In this paper, we study the gradient descent dynamics for jointly training both layers of a one-hidden-layer ReLU network to fit a linear target function. Concretely, we consider a realizable setting where inputs are drawn i.i.d. from a Gaussian distribution and labels follow a planted linear model. This stylized framework captures salient features of end-to-end training in inverse problems and certain auto-encoder models. Despite its apparent simplicity, the dynamics remain poorly understood, in part because the loss landscape contains multiple non-strict saddle points, making it unclear why gradient descent from random initialization reliably escapes bad stationary regions. We provide a detailed characterization of the optimization landscape and prove that gradient descent from a moderately small random initialization-simultaneously training both layers-converges to a global minimizer at a linear rate with order-wise optimal sample complexity. Our analysis tracks the trajectory through three phases: an alignment phase in which hidden weights progressively align with the planted direction while the output weights maintain the correct sign pattern; a growth phase in which the norms of both layers increase while preserving alignment; and a local refinement phase in which the aligned neurons rapidly converge to the planted direction, yielding fast local convergence. To rigorously show that GD avoids non-strict saddles, we develop trajectory-level control arguments for the end-to-end dynamics. In addition, we establish novel uniform concentration results that hold along the entire trajectory, and are essential for obtaining order-wise optimal sample complexity. We corroborate our theory with extensive experiments across a range of configurations.

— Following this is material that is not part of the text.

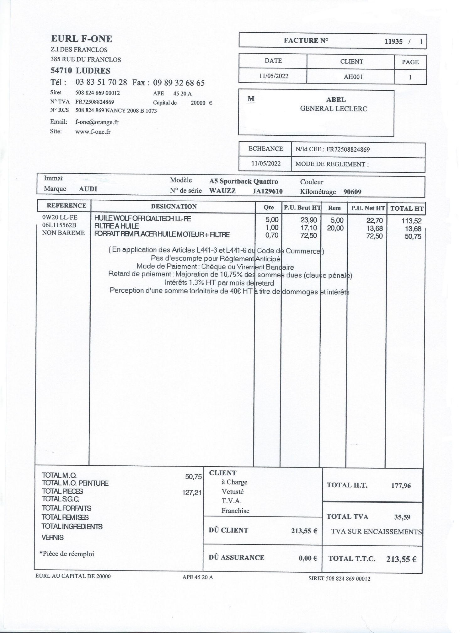Bonjour à tous, Comme j'avais dit dans un de mes précédents posts, j'ai finalement confié ma trottinette chez un indépendant ancien mécano de chez Audi. Et vraiment, je n'ai rien à redire. En plus, le patron autorise les gens à s'approcher de leur véhicule pendant les travaux et ça c'est un vrai plus. Bien sûr le prix de l'huile n'est pas du tout ce qu'on trouve sur internet, mais il faut bien qu'il fasse son beurre aussi le gars. D'ailleurs, il m'a mis une meilleure huile que celle facturée sans en augmenter le prix car il s'en est tout simplement tenu au devis sans avoir pris la peine de le modifier. J'ai remplacé moi-même le filtre d'habitacle (Mann Filter FP 31 003). Au final, si je lui avais demandé de faire le boulot, je suis sûr qu'on est encore très loin des tarifs Audi. L'huile qui a été utilisée : A part ça, voici deux photos de mes roues hiver en vente via le lien ci-dessous : https://forums.audipassion.com/topic/241102-roues-complètes-hiver-a5-sb-b9-sline/ -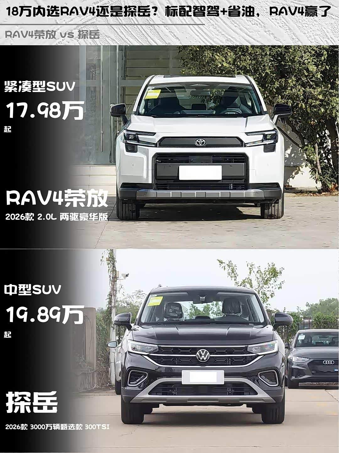 最近在选家用SUV的朋友看过来!👀 纠结 RAV4荣放(参数|询价)2026款2.0L两驱豪华版和探岳2026款3000万辆甄选款300TSI的我,深度试驾后掏心窝子分享对比干货👇

翻译：本文研究了单隐层ReLU网络联合训练两层参数以拟合线性目标函数的梯度下降动力学。具体而言，我们考虑一个可实现场景：输入独立同分布于高斯分布，标签遵循预设的线性模型。这一框架捕捉了逆问题及某些自编码器模型中端到端训练的核心特征。尽管问题看似简单，其动力学机制至今尚未被充分理解——部分原因在于损失景观中包含多个非严格鞍点，这使得随机初始化后的梯度下降为何能可靠逃离不良驻留区域尚不明确。我们给出优化景观的详细刻画，并证明：从适度小的随机初始化出发，同时训练两层的梯度下降能以线性速率收敛至全局最优解，且样本复杂度达到阶数最优。我们的分析通过三个阶段追踪轨迹：对齐阶段中，隐层权重逐步与预设方向对齐，同时输出权重保持正确符号模式；增长阶段中，两层范数在保持对齐的同时同步增加；局部精化阶段中，已对齐的神经元快速收敛至预设方向，实现快速局部收敛。为严格证明梯度下降能避开非严格鞍点，我们针对端到端动力学建立了轨迹级控制论证。此外，我们提出了沿整个轨迹成立的统一集中性结果，这对实现阶数最优样本复杂度至关重要。我们通过一系列配置下的广泛实验验证了理论分析。